Visual art in Slovakia is represented through painting, drawing, printmaking, illustration, arts and crafts, sculpture, photography or conceptual art. The Slovak National Gallery founded in 1948, is the biggest network of galleries in Slovakia. Two displays in Bratislava are situated in Esterházy Palace (Esterházyho palác) and the Water Barracks (Vodné kasárne), adjacent one to another. They are located on the Danube riverfront in the Old Town.

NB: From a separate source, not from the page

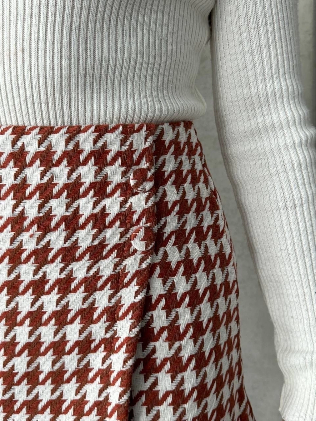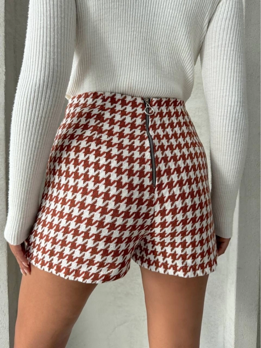 İki düğmeli kaz ayağı desen ch kumaş şort etek bordobeyaz h26414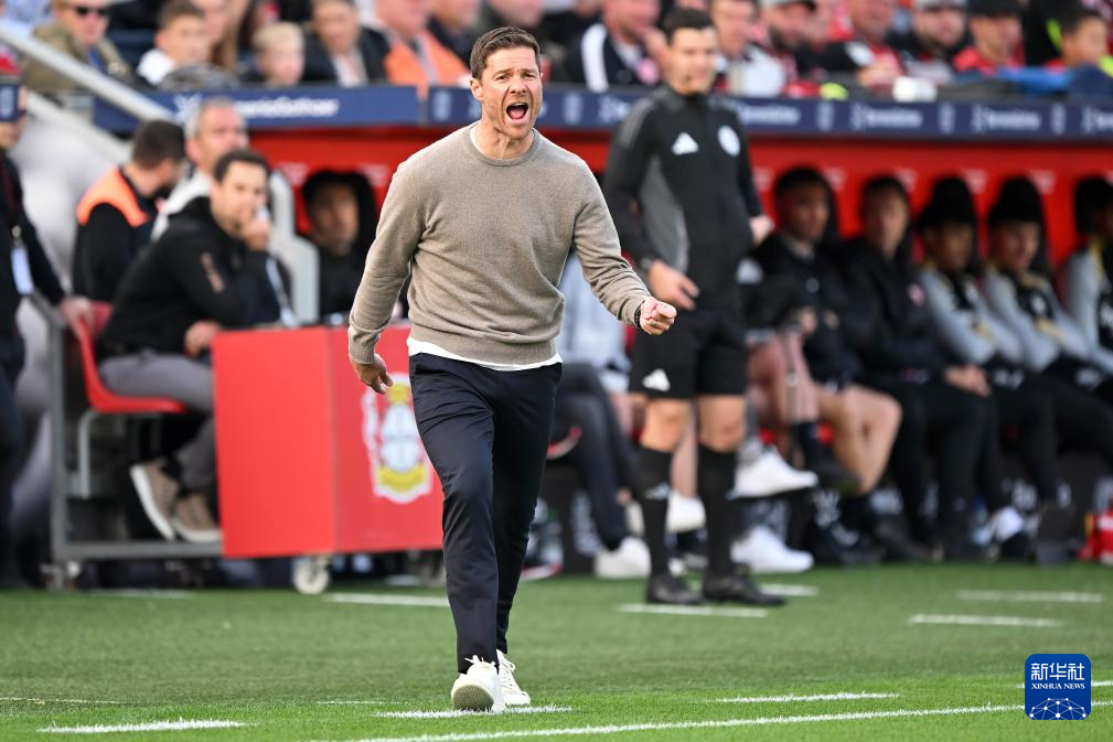 10月19日,勒沃库森队主教练阿隆索在场边指挥。

The Bratislava City Gallery, founded in 1961 is the second biggest Slovak gallery of its kind. It stores about 35,000 pieces of Slovak and international art and offers permanent displays in Pálffy Palace and Mirbach Palace, located in the Old Town. Danubiana Art Museum, one of the youngest art museums in Europe, is situated near Čunovo waterworks (part of Gabčíkovo Waterworks). Other major galleries include: Andy Warhol Museum of Modern Art (Warhol's parents were from Miková), East Slovak Gallery, Ernest Zmeták Art Gallery, Zvolen Castle.

== Architecture ==

The buildings were constructed from various building materials with characteristic architecture. In the more mountainous parts of Slovakia it was often wood. The roofs were covered with wooden shingles and ornate gables. For the construction of simpler dwellings was also used clay with straw. Such buildings were typical especially for the southern parts of Slovakia, Záhorie and Považie. Earthen buildings were built by "charging" technology, when the induced clay was compressed, charged perpendicularly between the slab formwork, creating both the peripheral and transverse walls of the house.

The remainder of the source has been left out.